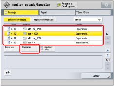 No es posible seleccionar varios trabajos y cancelarlos todos al mismo tiempo. Seleccione y cancele los trabajos de uno en uno. |
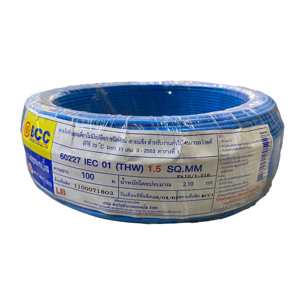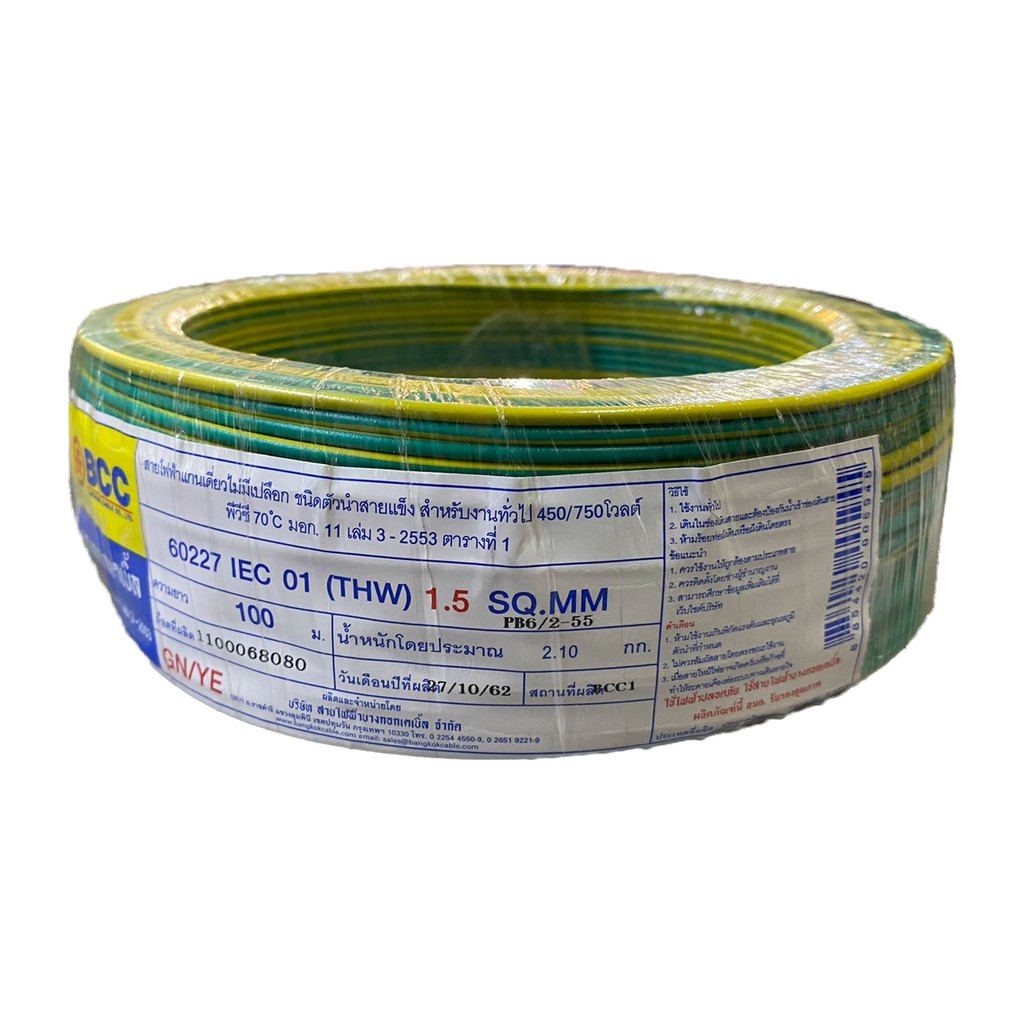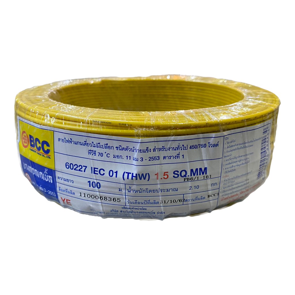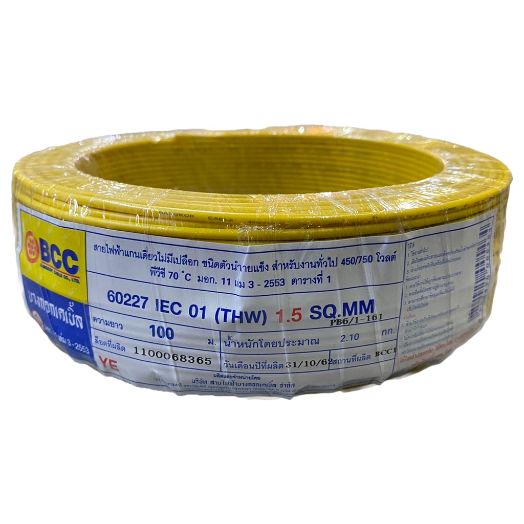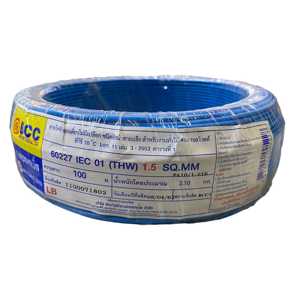 BCC สายไฟทองแดง THW 1x1.5 sq.mm (ม้วน 100 เมตร)
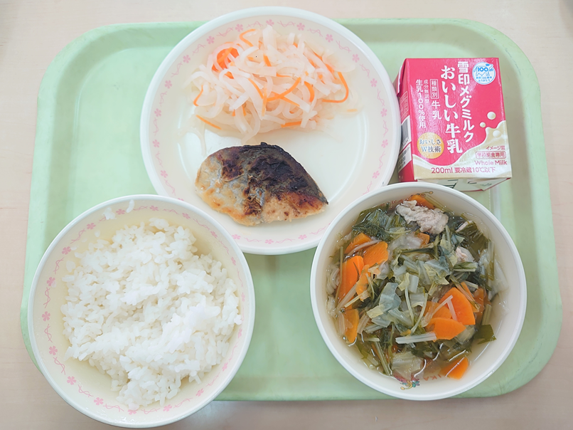 11月11日の給食 今日の給食 2025.11.11 ☆ごはん☆さわらの西京焼き☆大根の酢の物☆水菜のハリハリ汁☆牛乳 さわらは漢字で、魚へんに春と書きます。そのため、春のイメージが強いですが、春にたくさんとれるというだけで、実は初夏と冬が旬です。特に冬のさわらは、産卵前なので脂がたくさんのっていて、甘みもあっておいしいです。サバの仲間ですが、クセがなく、身も柔らかい高級魚です。今日は西京焼きしました。 Post Views: 6
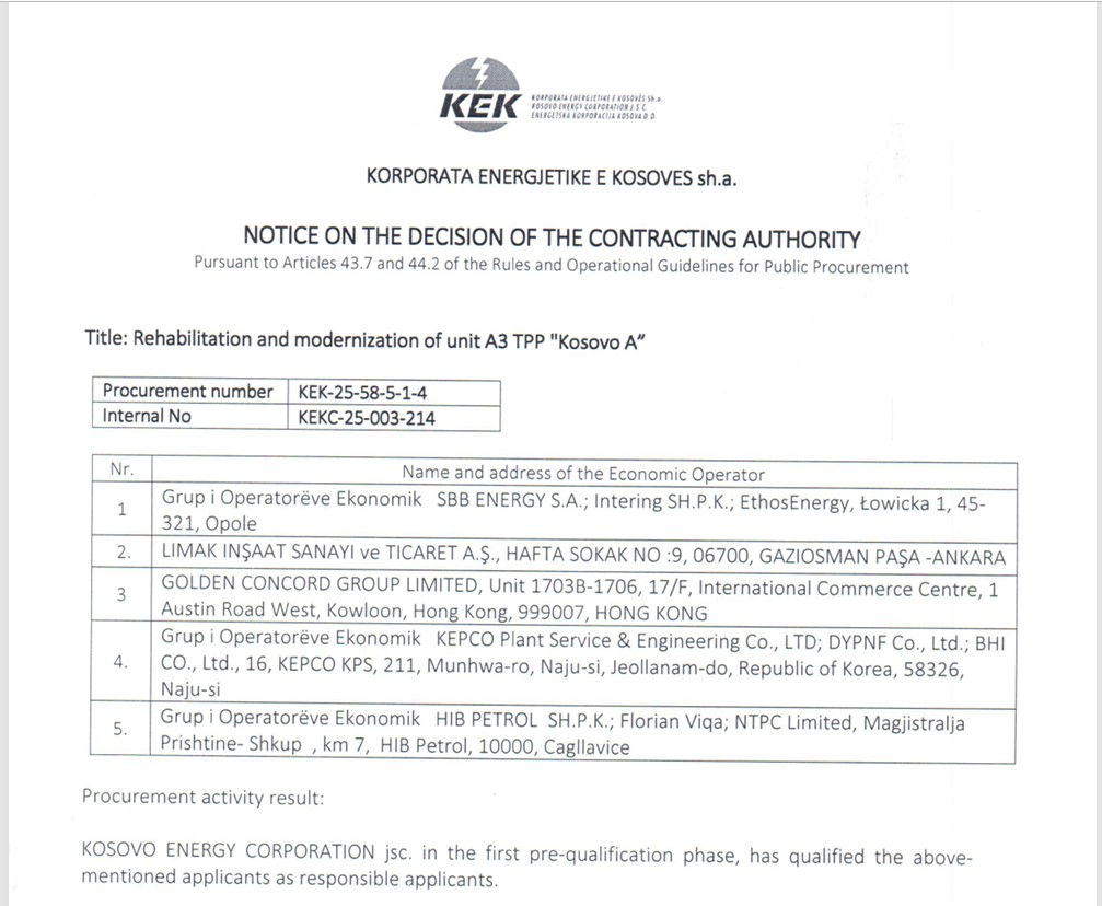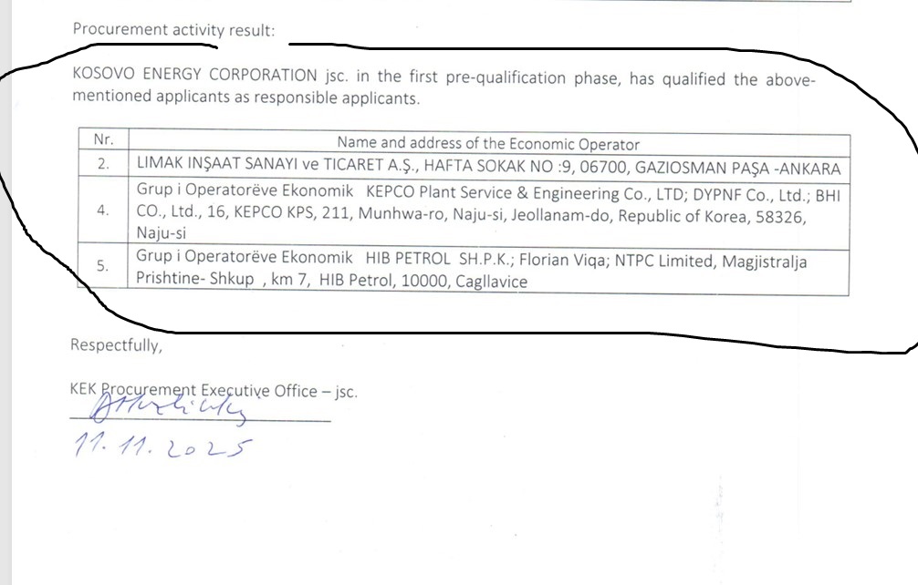 Më 11 nëntor 2025, KEK publikoi në e-prokurim njoftimin për rezultatet e fazës së parë të kualifikimit. Në listën e publikuar figurojnë vetëm tre operatorë të kualifikuar:
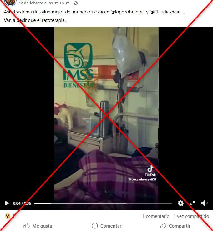 “Así el sistema de salud mejor del mundo que dicen @lopezobrador_ y @Claudiashein ... Van a decir que el ratoterapia”, dice una de las publicaciones que difunden el video en Facebook, Instagram, X y TikTok.
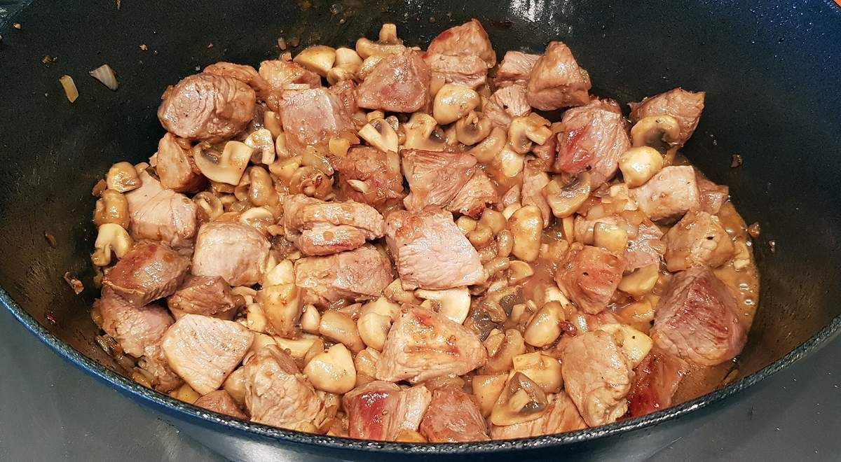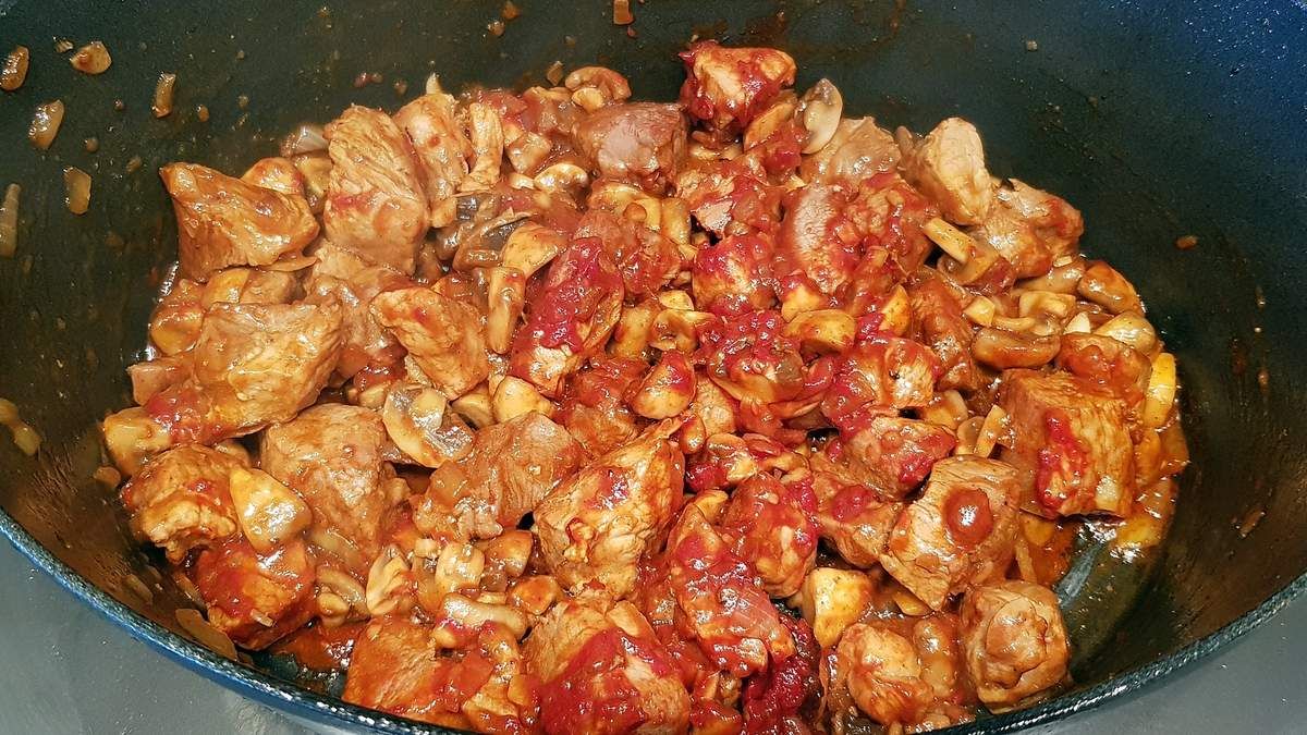 bonjour,<br /> par quoi peut on remplacer les champignons? je pensais à des poivrons mais du coup cuire plus longtemps avant de remettre la viande?
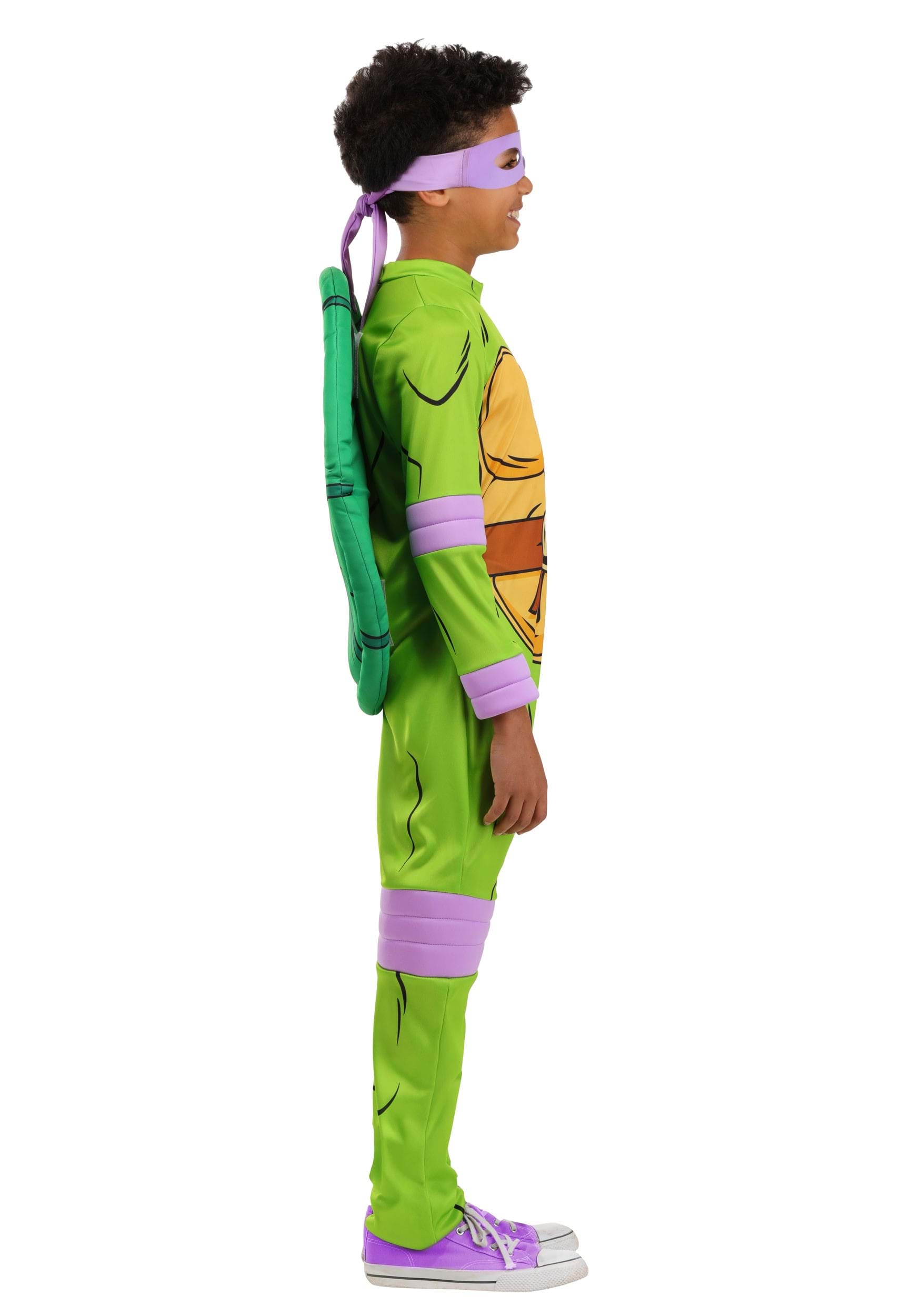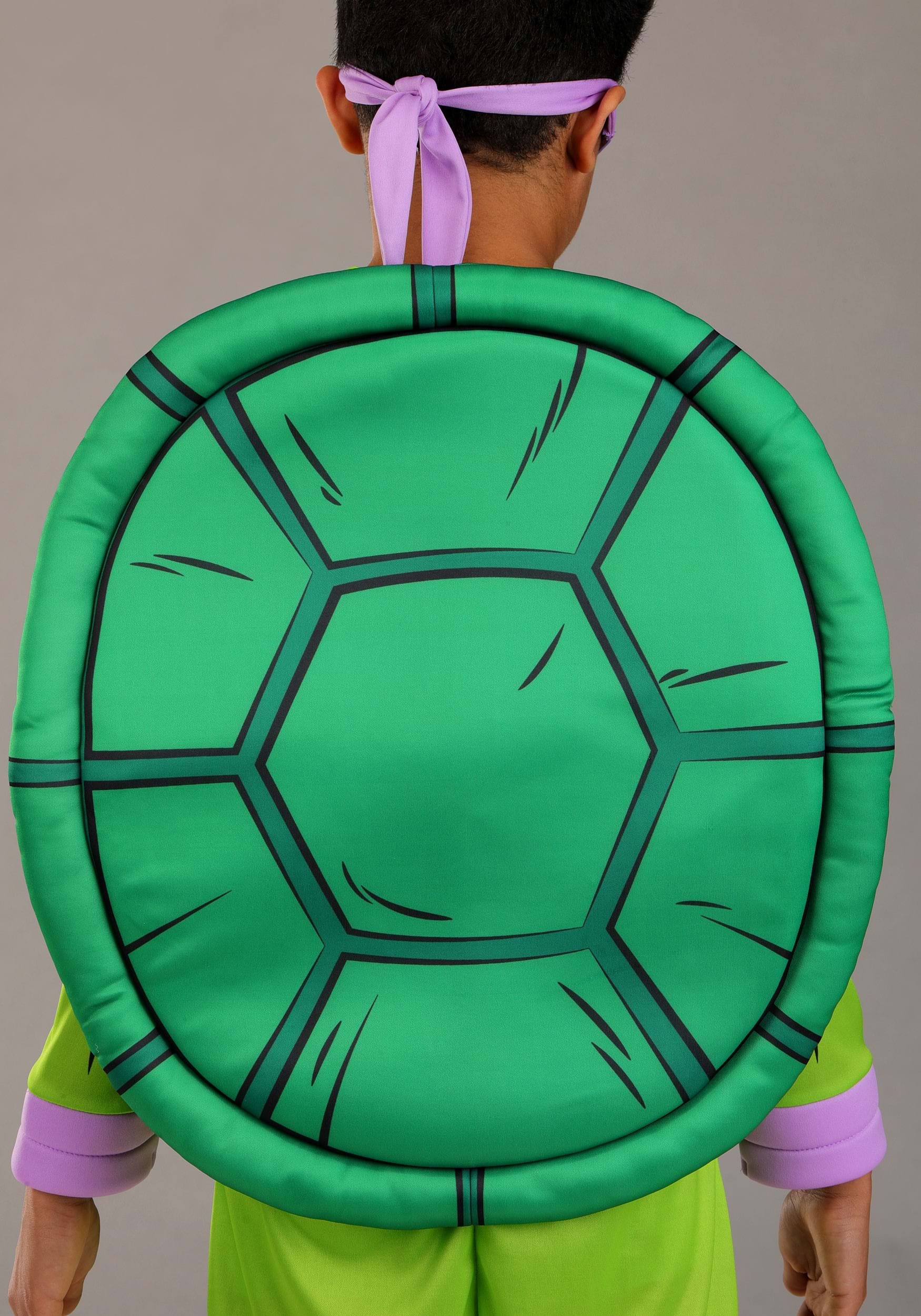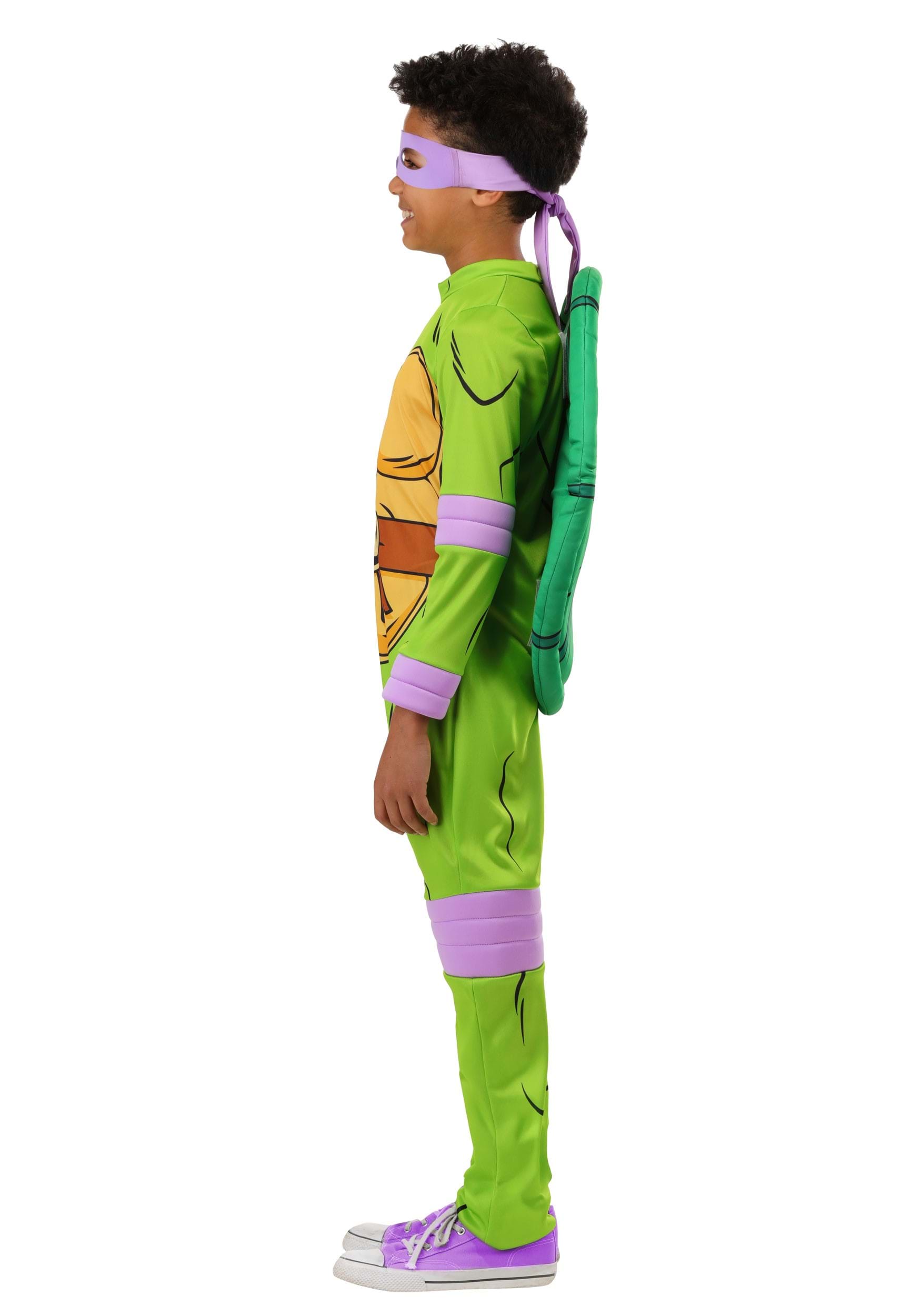 This officially licensed costume includes a full jumpsuit, foam-backed mask, and detachable turtle shell—everything your little ninja needs to transform into the team’s tech whiz. The front of the suit has printed muscle and shell details, plus Donnie’s signature “D” belt emblem, so there’s no mistaking which Turtle they’re repping. Built-in purple elbow pads, wrist wraps, and knee pads give it that authentic cartoon look without needing extra accessories.

◆ ◆ ◆ ◆ ◆

Please write out only the material above, exactly, from its first line through the line that contains "bonjour,<br /> par", and include no pictures.

 No es posible seleccionar varios trabajos y cancelarlos todos al mismo tiempo. Seleccione y cancele los trabajos de uno en uno. |
 BCC สายไฟทองแดง THW 1x1.5 sq.mm (ม้วน 100 เมตร)
 11月11日の給食 今日の給食 2025.11.11 ☆ごはん☆さわらの西京焼き☆大根の酢の物☆水菜のハリハリ汁☆牛乳 さわらは漢字で、魚へんに春と書きます。そのため、春のイメージが強いですが、春にたくさんとれるというだけで、実は初夏と冬が旬です。特に冬のさわらは、産卵前なので脂がたくさんのっていて、甘みもあっておいしいです。サバの仲間ですが、クセがなく、身も柔らかい高級魚です。今日は西京焼きしました。 Post Views: 6
 Më 11 nëntor 2025, KEK publikoi në e-prokurim njoftimin për rezultatet e fazës së parë të kualifikimit. Në listën e publikuar figurojnë vetëm tre operatorë të kualifikuar:
 “Así el sistema de salud mejor del mundo que dicen @lopezobrador_ y @Claudiashein ... Van a decir que el ratoterapia”, dice una de las publicaciones que difunden el video en Facebook, Instagram, X y TikTok.
 bonjour,<br /> par quoi peut on remplacer les champignons? je pensais à des poivrons mais du coup cuire plus longtemps avant de remettre la viande?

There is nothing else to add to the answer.